> _Exercise_
Skip the pictures and repeat each line of the data exactly.

> _Records supplied_

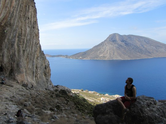 Yesterday Eddie and Pat went greek-alpine style and climbed”big-rig” multi-pitch (150m) feature on the island of Telendos which has been the sleek backdrop of most of our snapshots during the trip. I was told that they handjammed their way to victory on some stellar “tufa-cracks”… they were psyched!! hopefully PG has some sick footage on his trusty “Gopro” camera that he takes everywhere.
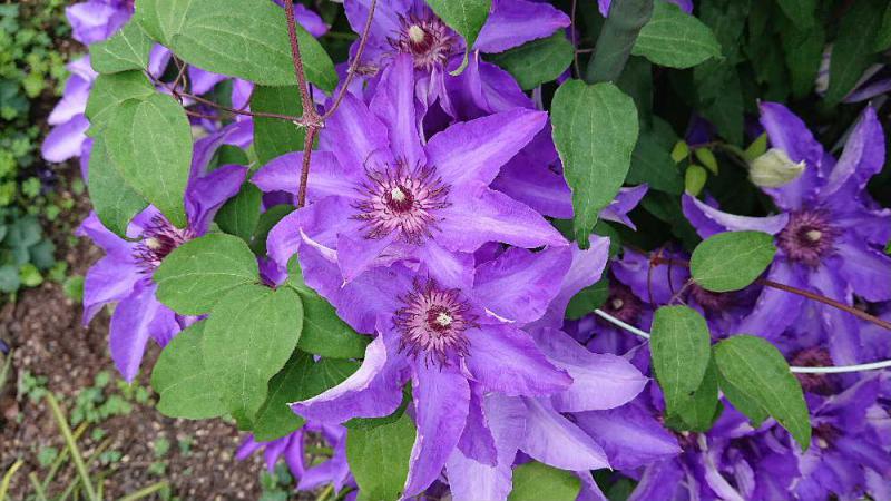 ●庭い白い「クレマチス」が今を盛りとさいていますが紫色も咲きそうです 梅雨の時期になると黄色や白に代わってアヤメなど紫色の花が多くなってきます 雨の季節にぴったりの紫色の「クレマチス」が代表するような花色で咲いています
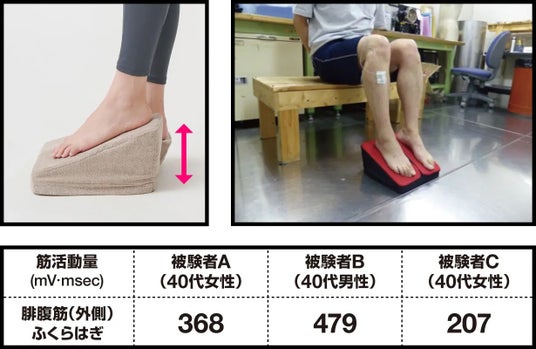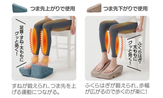 2.つま先下がりで使用:かかとを踏み込むことでふくらはぎが鍛えられ、歩幅が広がり、歩行が楽に!
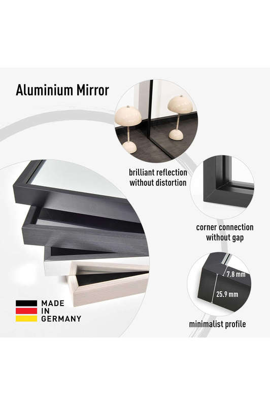 The rectangular mirror features 3 mm copper-free glass produced to DIN EN 1036 standards, ensuring high corrosion resistance and long-lasting, timeless aesthetics. Supplied with a complete mounting set including instructions, hangers, screws, dowels and foam pads for wall protection (fixings to be selected according to wall type), the Alpha mirror can be wall-mounted or freestanding to instantly elevate your space.
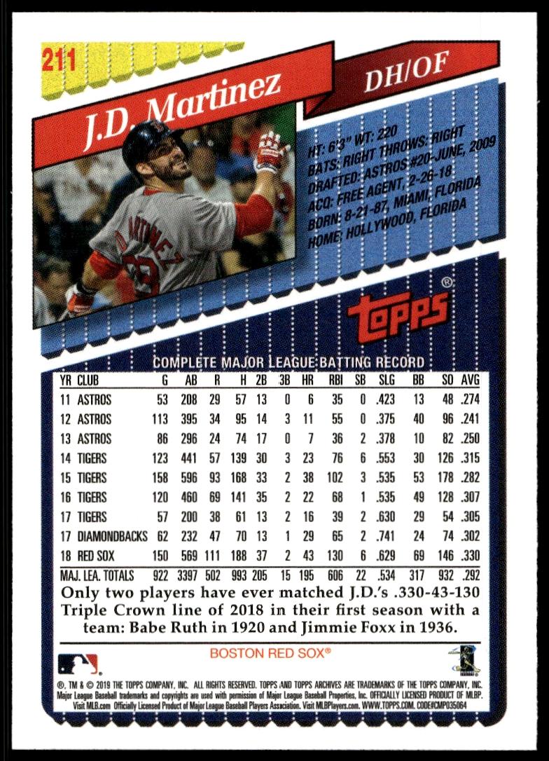 This BaseballΒ card, from 2019 is part of the Topps ArchivesΒ card set. J.D. Martinez is featured and has a card number of 211.
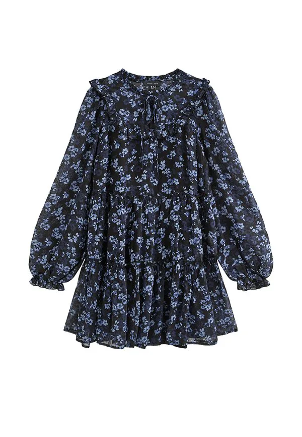Мини-Платье с цветочным принтом и оборками New Look, Black Pattern
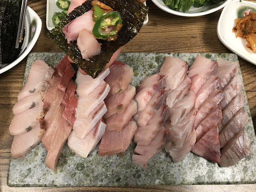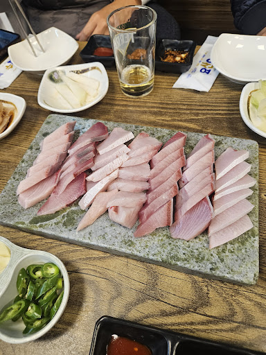 Read more아주 솔직히 저는 선어회보다 활어회를 선호해서 다시 방문할 지는 잘 모르겠어요. 다만 제 취향과는 무관하게 남도식 음식을 즐기고 싶다면 괜찮은 선택이라고 생각합니다. 일단 장이 남도식이고 김치도 배추김치와 갓김치 모두 양념이 진한 남도식입니다. 식당이 지하에 여기저기 홀이 흩어져 있고 주방이 멀리 떨어진 홀에 자리를 잡으면 인터폰으로 주문해야 하는데 잘 못알아 들으시더라구요 술은 냉장고에서 알아서 꺼내먹는 구조이고 계산도 주방있는 입구쪽 홀에서만 하게 되어 있어요. 회사동료부터 데이트족, 동네 친구들끼리 다양한 조합으로 방문하는 것 같았어요. 물론 데이트로는 그닥 권할 만한 분위기는 아닌 것 같아요. 남도음식 경험삼아 가보신다면 크게 후회는 없으실듯하고 기대하시면 좀...
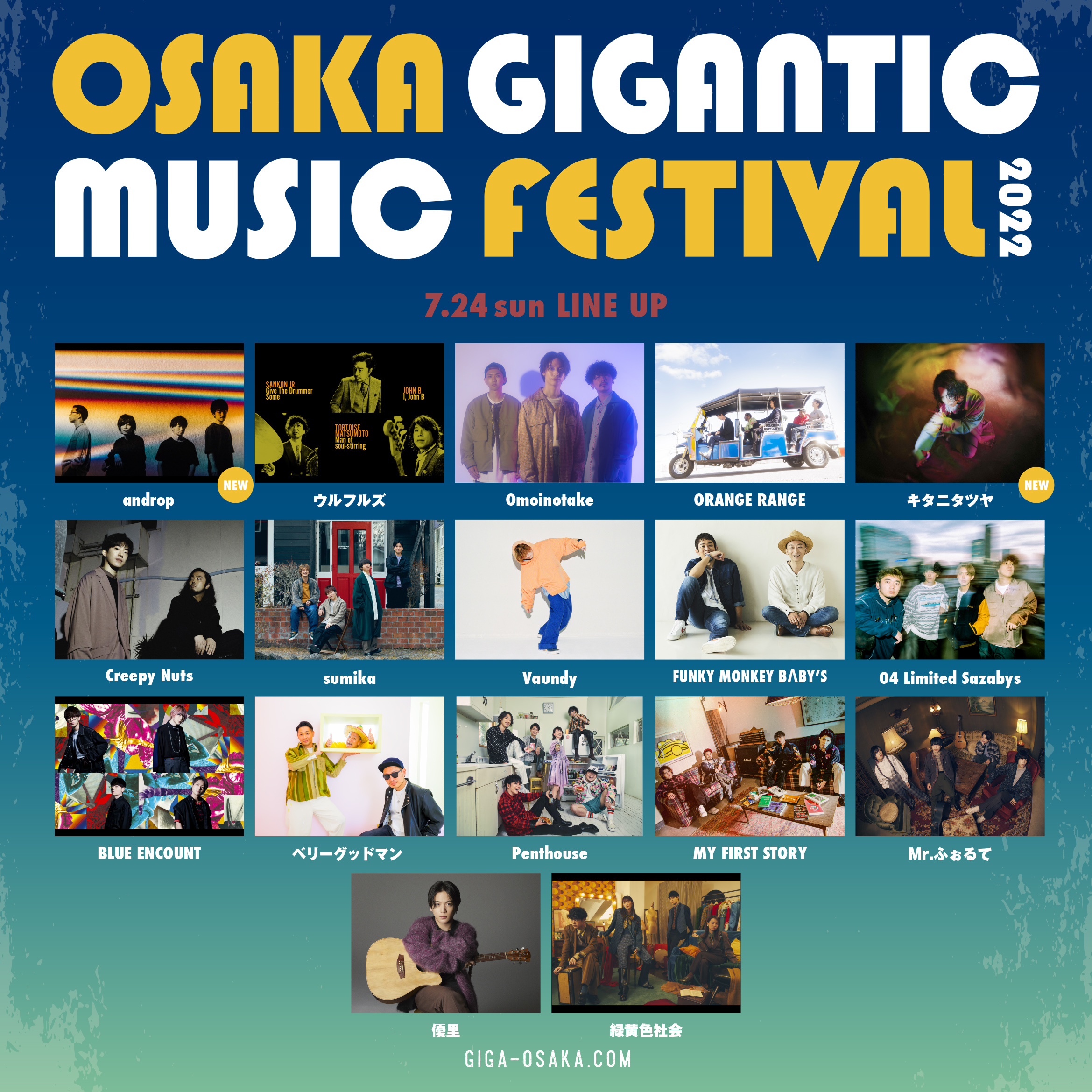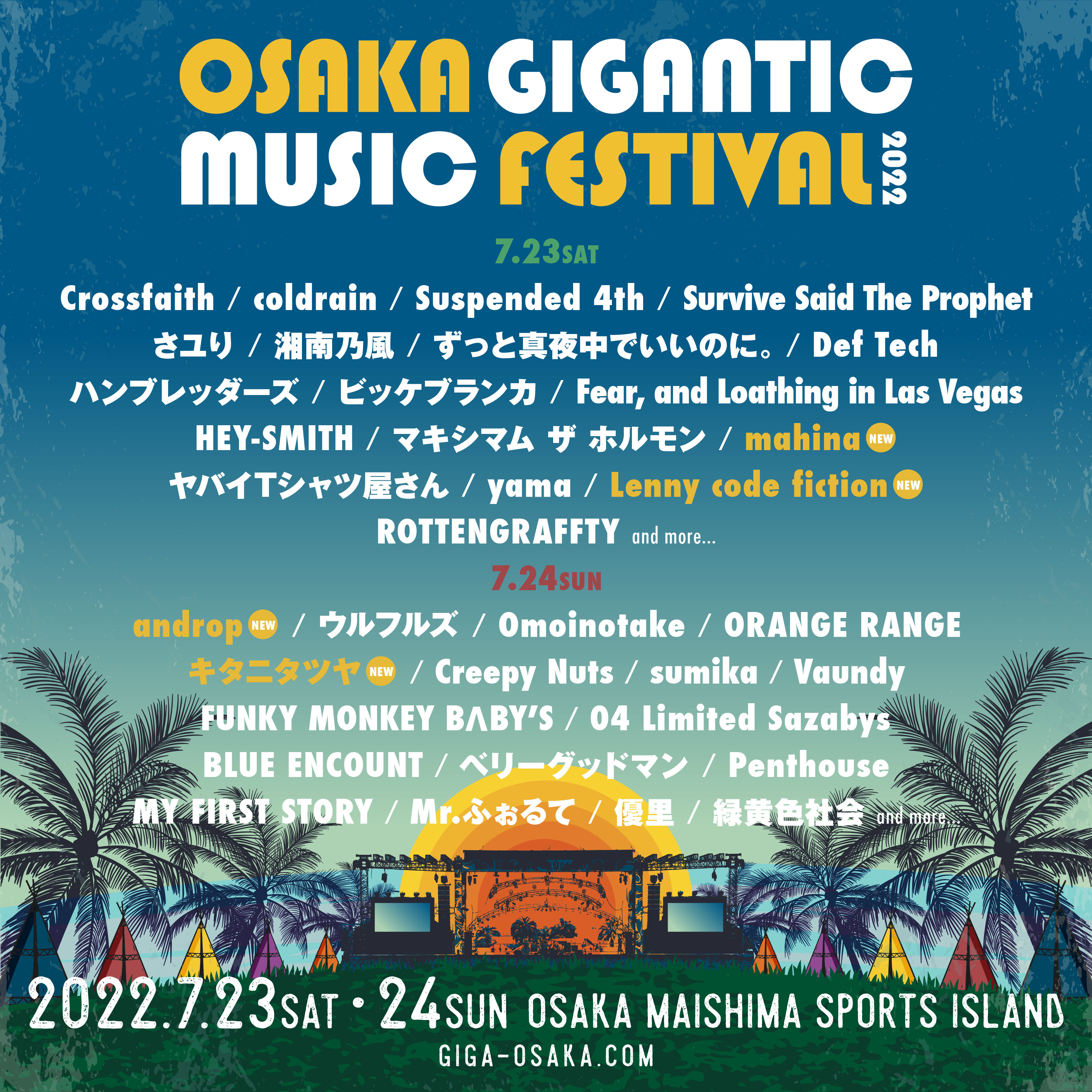 夏フェス「ジャイガ」こと『OSAKA GIGANTIC MUSIC FESTIVAL 2022』の第6弾出演アーティストが発表された。

> _The answer_
 Yesterday Eddie and Pat went greek-alpine style and climbed”big-rig” multi-pitch (150m) feature on the island of Telendos which has been the sleek backdrop of most of our snapshots during the trip. I was told that they handjammed their way to victory on some stellar “tufa-cracks”… they were psyched!! hopefully PG has some sick footage on his trusty “Gopro” camera that he takes everywhere.
 ●庭い白い「クレマチス」が今を盛りとさいていますが紫色も咲きそうです 梅雨の時期になると黄色や白に代わってアヤメなど紫色の花が多くなってきます 雨の季節にぴったりの紫色の「クレマチス」が代表するような花色で咲いています
 2.つま先下がりで使用:かかとを踏み込むことでふくらはぎが鍛えられ、歩幅が広がり、歩行が楽に!
 The rectangular mirror features 3 mm copper-free glass produced to DIN EN 1036 standards, ensuring high corrosion resistance and long-lasting, timeless aesthetics. Supplied with a complete mounting set including instructions, hangers, screws, dowels and foam pads for wall protection (fixings to be selected according to wall type), the Alpha mirror can be wall-mounted or freestanding to instantly elevate your space.
 This BaseballΒ card, from 2019 is part of the Topps ArchivesΒ card set. J.D. Martinez is featured and has a card number of 211.
Мини-Платье с цветочным принтом и оборками New Look, Black Pattern
 Read more아주 솔직히 저는 선어회보다 활어회를 선호해서 다시 방문할 지는 잘 모르겠어요. 다만 제 취향과는 무관하게 남도식 음식을 즐기고 싶다면 괜찮은 선택이라고 생각합니다. 일단 장이 남도식이고 김치도 배추김치와 갓김치 모두 양념이 진한 남도식입니다. 식당이 지하에 여기저기 홀이 흩어져 있고 주방이 멀리 떨어진 홀에 자리를 잡으면 인터폰으로 주문해야 하는데 잘 못알아 들으시더라구요 술은 냉장고에서 알아서 꺼내먹는 구조이고 계산도 주방있는 입구쪽 홀에서만 하게 되어 있어요. 회사동료부터 데이트족, 동네 친구들끼리 다양한 조합으로 방문하는 것 같았어요. 물론 데이트로는 그닥 권할 만한 분위기는 아닌 것 같아요. 남도음식 경험삼아 가보신다면 크게 후회는 없으실듯하고 기대하시면 좀...
 夏フェス「ジャイガ」こと『OSAKA GIGANTIC MUSIC FESTIVAL 2022』の第6弾出演アーティストが発表された。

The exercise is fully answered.